Step-by-step file flow

  • mode=1 writes the pileup CSVs used by mode=0 for MC samples.
  • mode=0 writes the converted fat2 and fat3 ROOT trees used directly by mode=4, and as the input source for mode=6 or any mode=2 config that still points input_root at the unmixed dataset.
  • mode=6 can rewrite those converted MC trees into {signal_mixed|bkg_mixed} directories under the same dataset root with the same chunk layout using a deterministic block shuffle, which the checked-in model-training config uses by default.
  • mode=2 writes the model, copied configs, and saved test-set prediction references used by mode=3, mode=4, and mode=5.
  • mode=3 writes signal_region.csv, which defines the A-region score bins for mode=5.
  • mode=5 writes the ABCD validation ROOT file and PDFs for the chosen tree.
  • mode=4 writes one data/MC comparison PDF per branch.

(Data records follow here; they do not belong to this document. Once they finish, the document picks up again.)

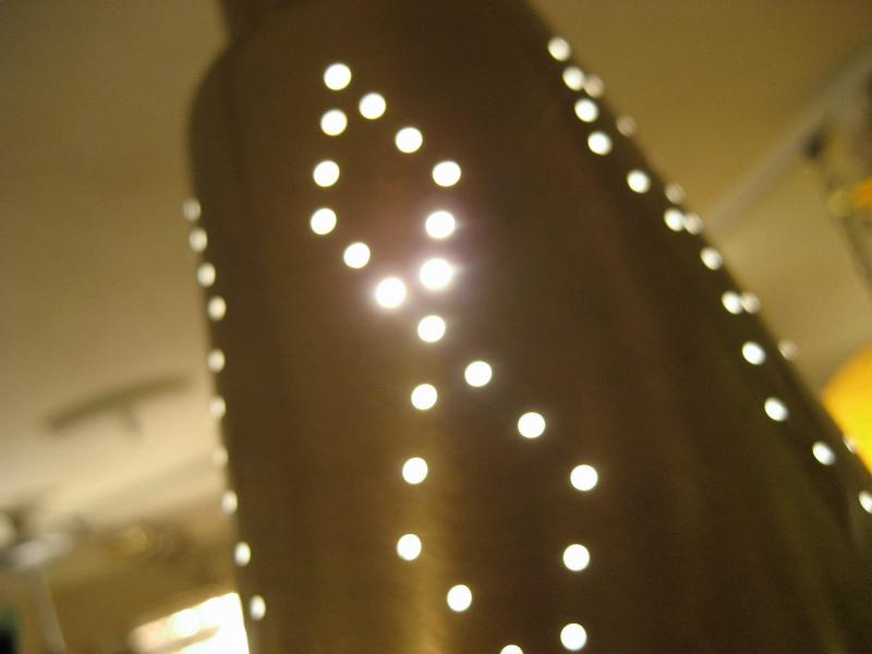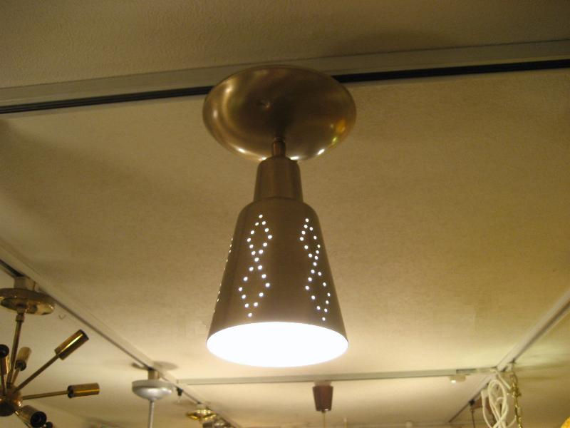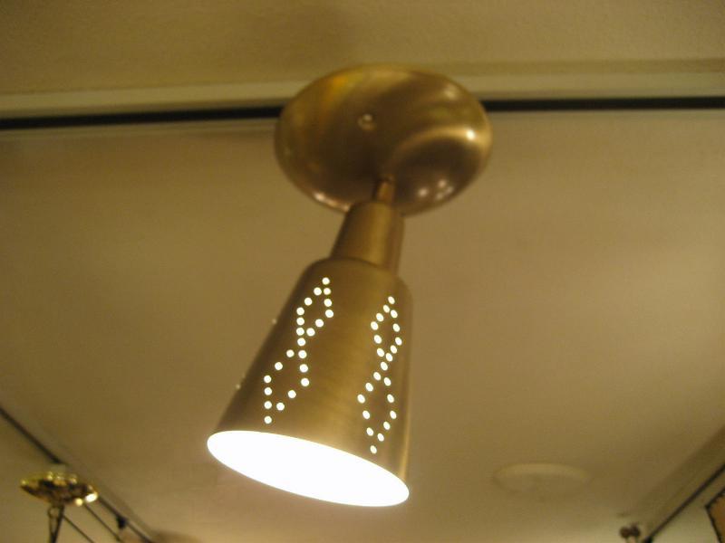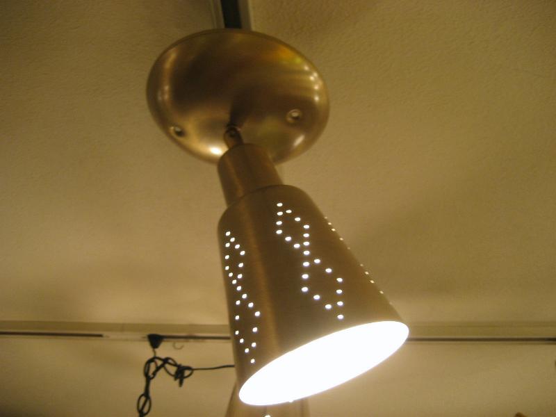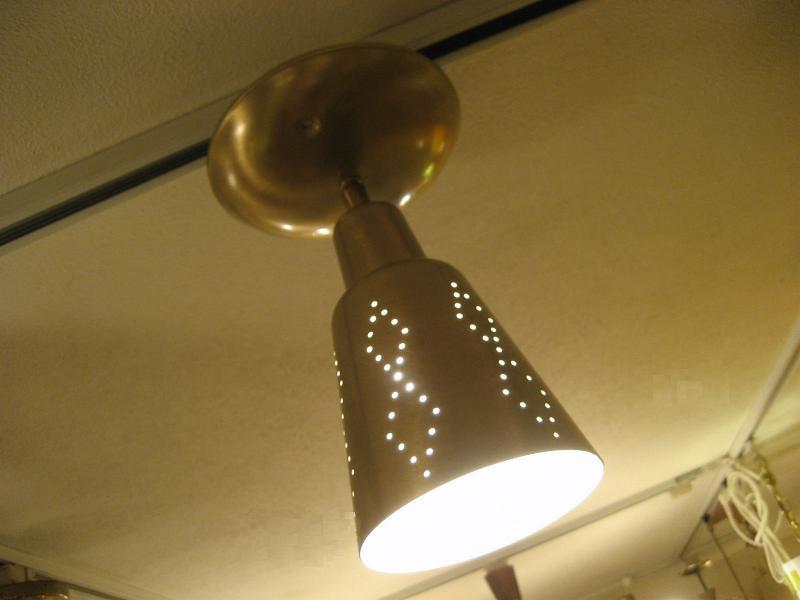 | アトミックシーリングスポットランプ / 50-60年代 USA. 天井シーリングのスポットランプです。シェード付け根部分(ネック)が可動しますのでいろいろな方向にセッティング可(写真参照)。シェード側面のダイヤデザインホールからもれる明かりがクールでGOODなビンテージライティングピース! スプートニクともマッチングしますし、玄関やセカンド照明としても最高です。電源は引っ掛けシーリングに交換済みですのですぐに設置可能です。 |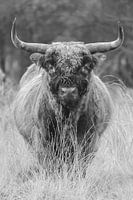 Een schotse Hooglander stieren zwart/wit staat op de Veluwezoom in de motregen die zachtjes op zijn harige vacht valt. Stoer in het landschap staat deze grote jongen.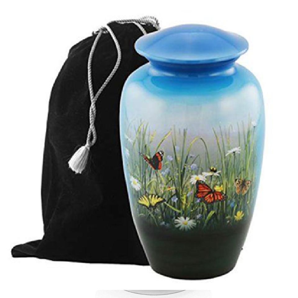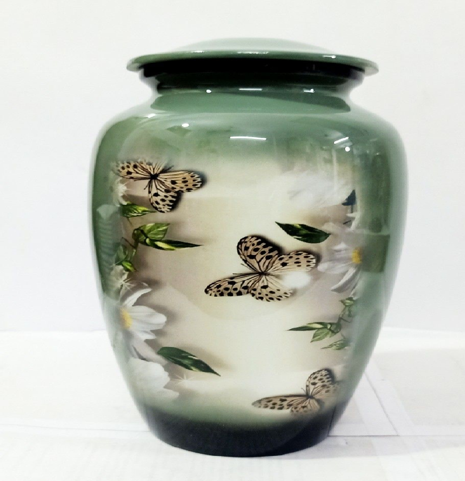 แจกันสีเขียวเซจอ่อนประดับด้วยผีเสื้อและดอกไม้ที่สวยงาม การแสดงความเคารพที่อ่อนโยนและน่ารัก มีจำหน่ายในราคาขายส่ง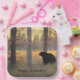 Die Teller der Geburtstagsparty zeigen einen schwarzen Bären in einem landschaftlichen Wald. Ideal für Wanderer, Jäger, Tier- und Naturliebhaber.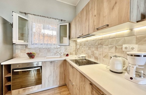 Vasilis Home, modern and stylish, is among the best located and probably one of the most welcoming properties in the sought after area of Nissaki in the North-East coast of Corfu. Vasilis Home is perfectly located just 100m from the beach with its crystal clear water, a couple of steps from excellent waterfront tavernas, supermarket, bus stop . It is definitely the perfect holiday home for all those guests looking after a high quality holiday in a unique location virtually on the waterfront without the need to rely constantly on a car. Sleeping 4 guests in 2 bedrooms (with the possibility of an extra guest in the large lounge), Vasilis Home is fully air-conditioned (included in the rental price) and set to impress for its high value for money, style and breathtaking views to the sea. For the convenience of our guests, next to the property, there is also an independently run swimming pool complex with bar and restaurant which is open to the public (opening dates - usually end of may until beginning of october - and entrance requirements may vary).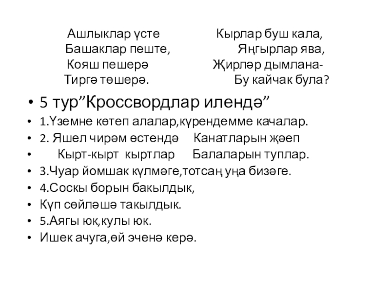 5 тур”Кроссвордлар илендә”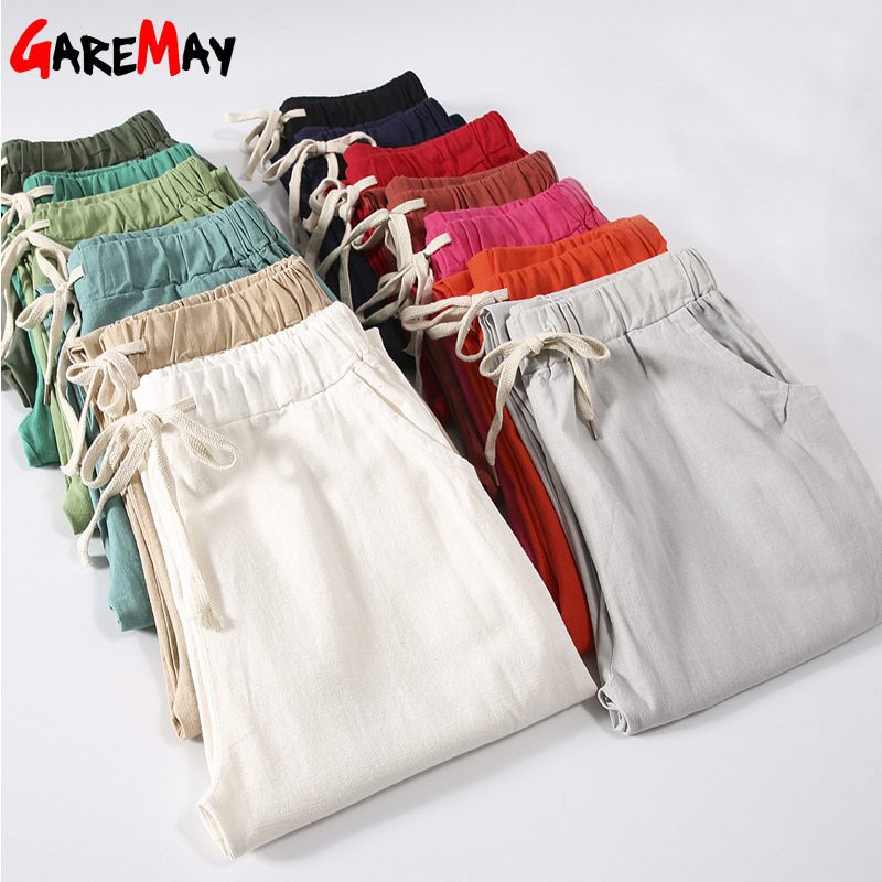 Cotton-linen trousers, of excellent quality! Pants shortened, at the waist wide elastic, pulled by a lace, on the sides and behind standard pockets, incredibly comfortable to wear and even in the heat in them is not hot. Quality factory. On its parameters: height 165 cm; 87-68-92 chose the size L, sat perfectly at the waist and hips there is a stock. In the photo of the store, the color is muffled, in reality, each color is brighter. Pants are very satisfied, an excellent summer option for everyday wear. The delivery time to Russia was 15 days, the trousers were perfectly packed.
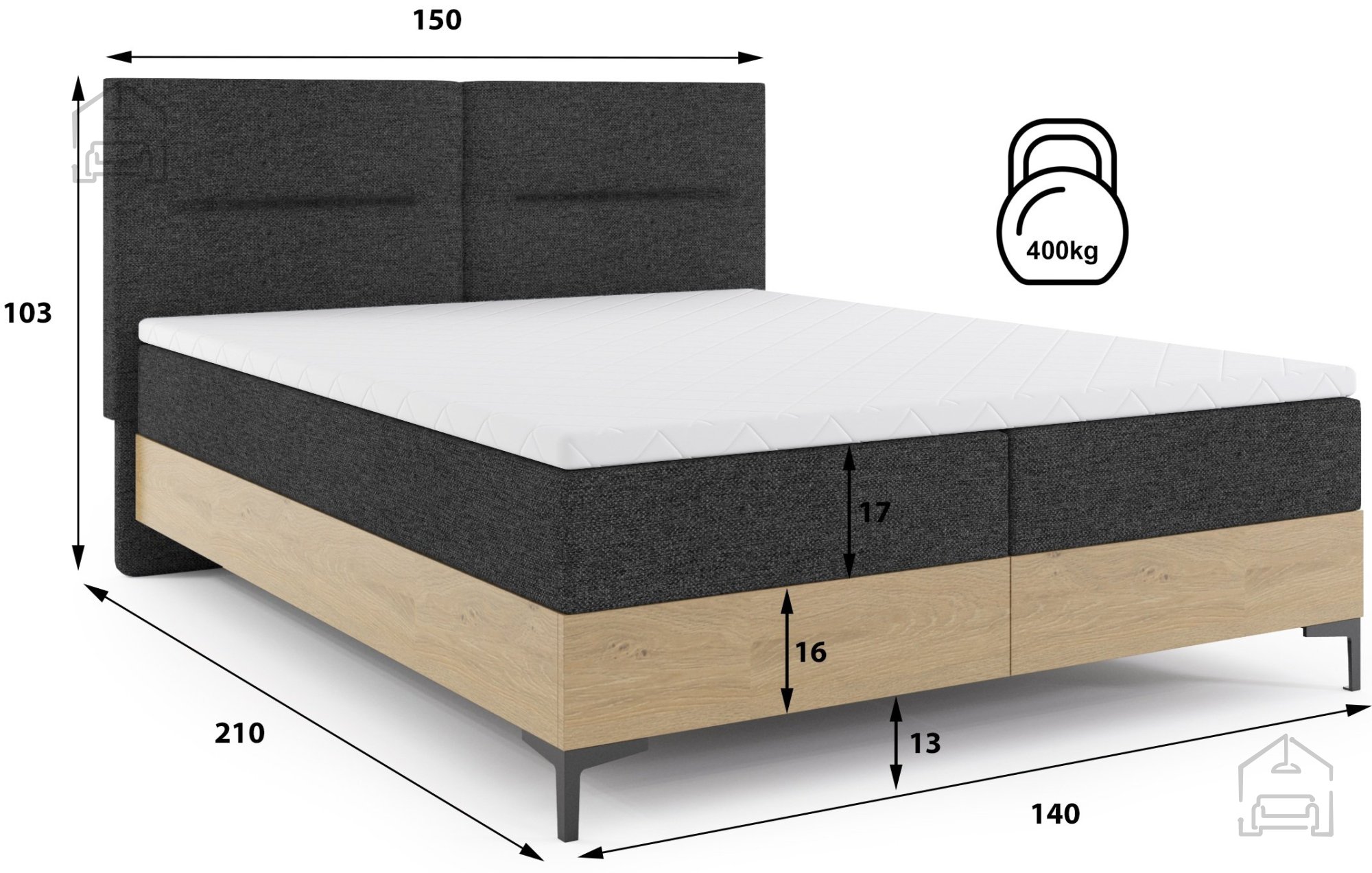 Mit seinen Maßen 150x210x103 cm ist dieses Bett ideal für geräumige Schlafzimmer geeignet, in denen Sie ein Gefühl von Prestige und vollkommenem Komfort schaffen möchten. Aufgrund seiner Höhe und der eleganten Polsterung ist es äußerst praktisch und bietet einen einfachen Zugang zur Liegefläche. Die Farbkombination Kiefer/Eiche und Graphit ermöglicht es, dass es mit verschiedenen Möbelstücken und Dekoren harmoniert – von minimalistisch bis traditionell.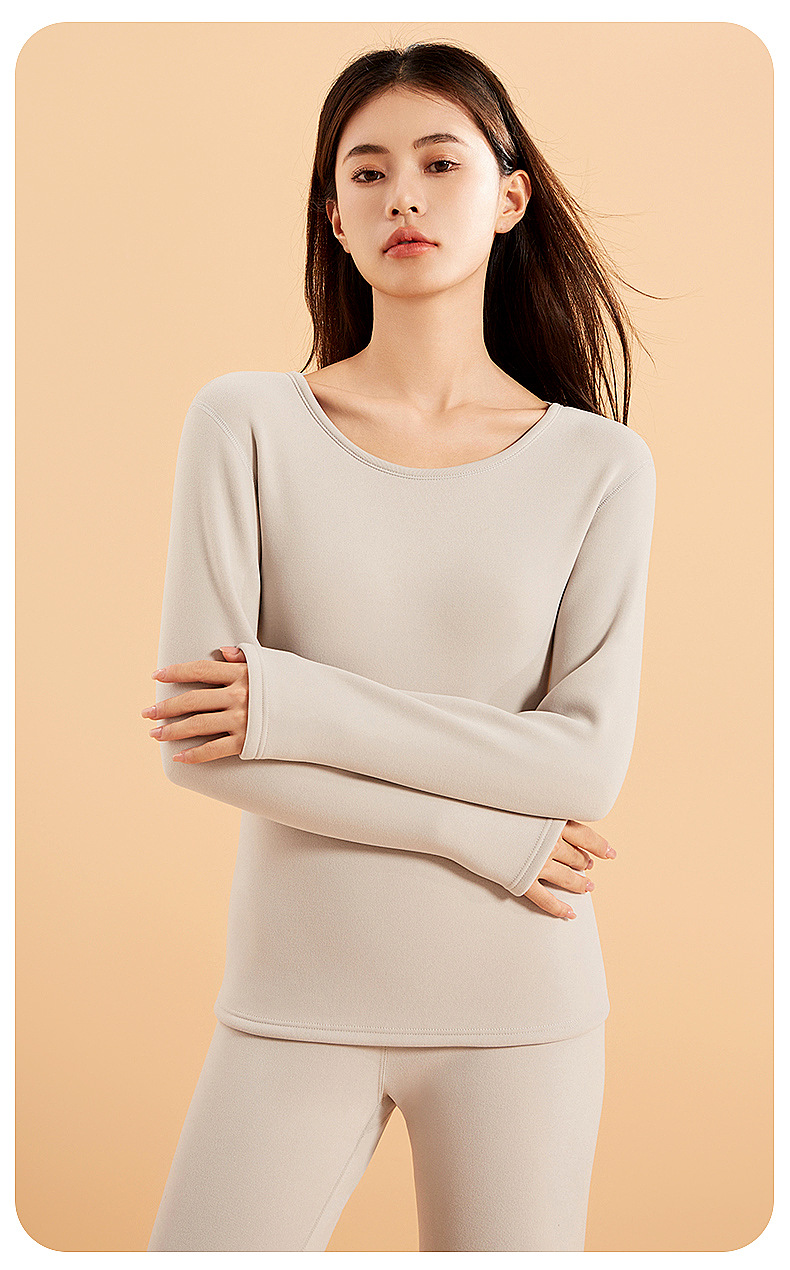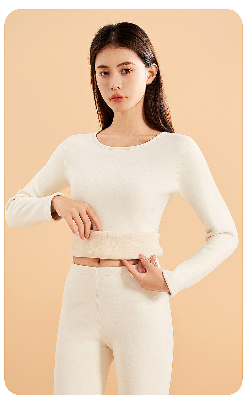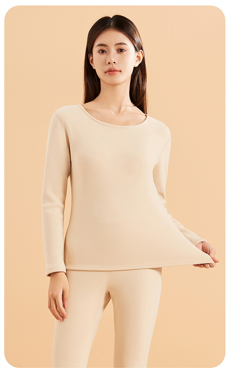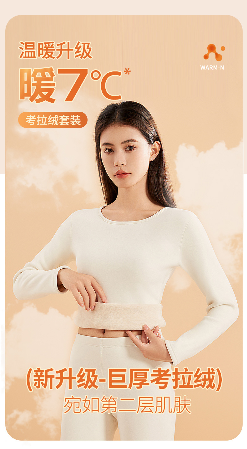 【桃内秋冬新品 巨厚考拉绒来袭!】升10°C 黑科技研制!巨保暖!女士保暖套装 羊毛蚕丝女士加绒加厚圆领(货号:K-709)

  • mode=7 reads one or more mode=5 ROOT files (one per channel) plus the BDT and sample configs, generates per-scenario datacards, and calls combine to fill significance.csv, limits.csv, significance_abcd_mc.csv, and limits_abcd_mc.csv under its output_dir; it also reruns the same scenarios per individual channel and writes the matching *_by_channel*.csv files. Combined/per-class scenarios use the stored groups/*/srN/yield one-bin histograms, per-sample scenarios use samples/*/srN/yield, and ABCD-mode scenarios replace every QCD class with the merged qcd_predict/srN/yield. By default each SR is written as an independent counting bin and ROOT covariance fields are not encoded as nuisances; combine's Poisson likelihood supplies the counting statistics from the weighted yields. Setting use_root_covariance=true restores the optional eigen-decomposed covariance shape nuisances.